## WORK REQUIRED
Hand back all records exactly, pictures omitted.

## Records from a data collection
Start of Block

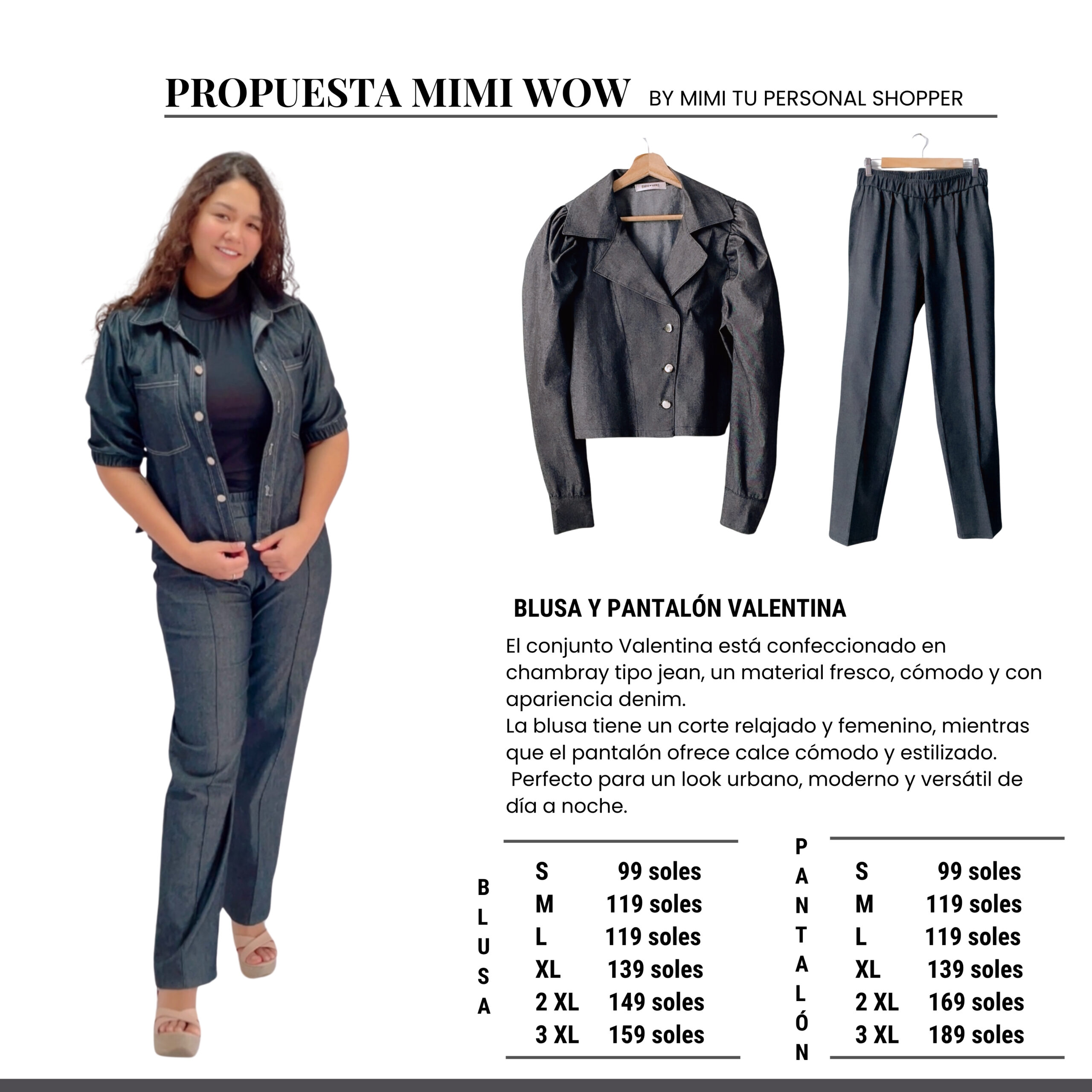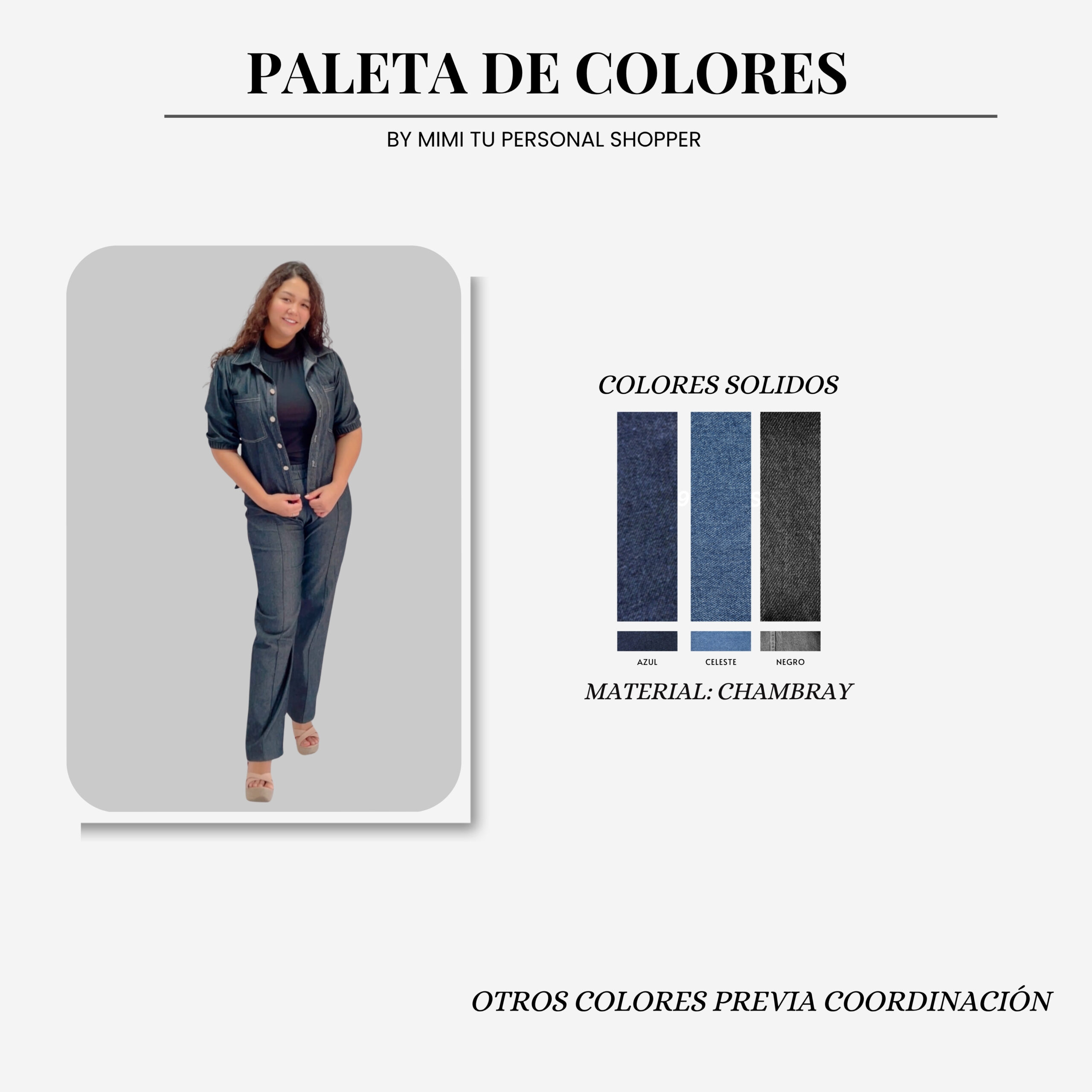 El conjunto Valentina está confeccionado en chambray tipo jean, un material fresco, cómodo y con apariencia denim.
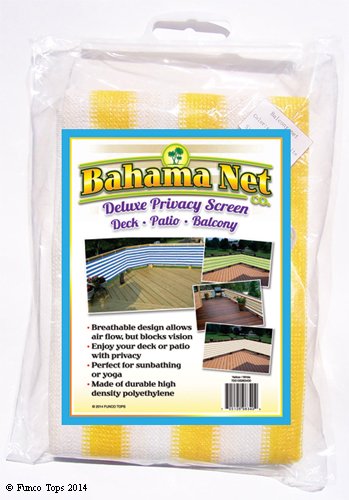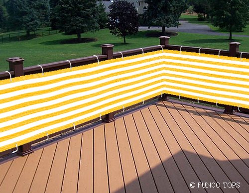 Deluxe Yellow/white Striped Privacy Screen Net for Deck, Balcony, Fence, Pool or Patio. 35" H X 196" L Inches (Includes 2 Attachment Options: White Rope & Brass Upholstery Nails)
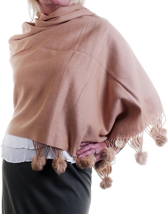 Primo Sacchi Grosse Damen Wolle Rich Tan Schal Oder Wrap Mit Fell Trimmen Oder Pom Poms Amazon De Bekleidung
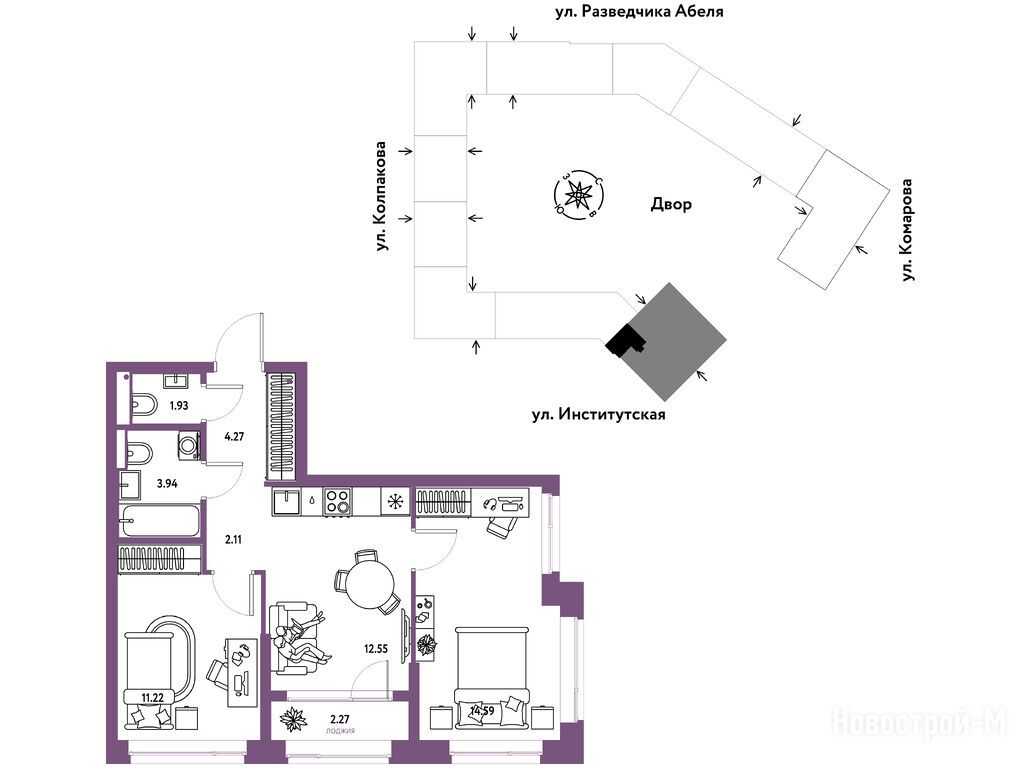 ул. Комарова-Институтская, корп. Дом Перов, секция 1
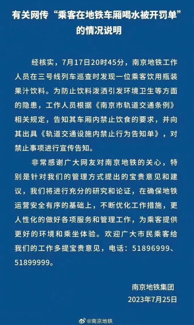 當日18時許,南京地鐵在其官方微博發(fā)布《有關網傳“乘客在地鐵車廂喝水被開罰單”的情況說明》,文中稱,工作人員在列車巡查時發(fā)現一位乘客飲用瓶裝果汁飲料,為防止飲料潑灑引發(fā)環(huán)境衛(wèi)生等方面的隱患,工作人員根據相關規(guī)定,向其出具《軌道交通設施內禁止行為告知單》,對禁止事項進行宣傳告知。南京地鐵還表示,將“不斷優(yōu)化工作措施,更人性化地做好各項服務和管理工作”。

End of Block

## PROBLEM SOLUTION
 El conjunto Valentina está confeccionado en chambray tipo jean, un material fresco, cómodo y con apariencia denim.
 Deluxe Yellow/white Striped Privacy Screen Net for Deck, Balcony, Fence, Pool or Patio. 35" H X 196" L Inches (Includes 2 Attachment Options: White Rope & Brass Upholstery Nails)
 Primo Sacchi Grosse Damen Wolle Rich Tan Schal Oder Wrap Mit Fell Trimmen Oder Pom Poms Amazon De Bekleidung
 ул. Комарова-Институтская, корп. Дом Перов, секция 1
 當日18時許,南京地鐵在其官方微博發(fā)布《有關網傳“乘客在地鐵車廂喝水被開罰單”的情況說明》,文中稱,工作人員在列車巡查時發(fā)現一位乘客飲用瓶裝果汁飲料,為防止飲料潑灑引發(fā)環(huán)境衛(wèi)生等方面的隱患,工作人員根據相關規(guī)定,向其出具《軌道交通設施內禁止行為告知單》,對禁止事項進行宣傳告知。南京地鐵還表示,將“不斷優(yōu)化工作措施,更人性化地做好各項服務和管理工作”。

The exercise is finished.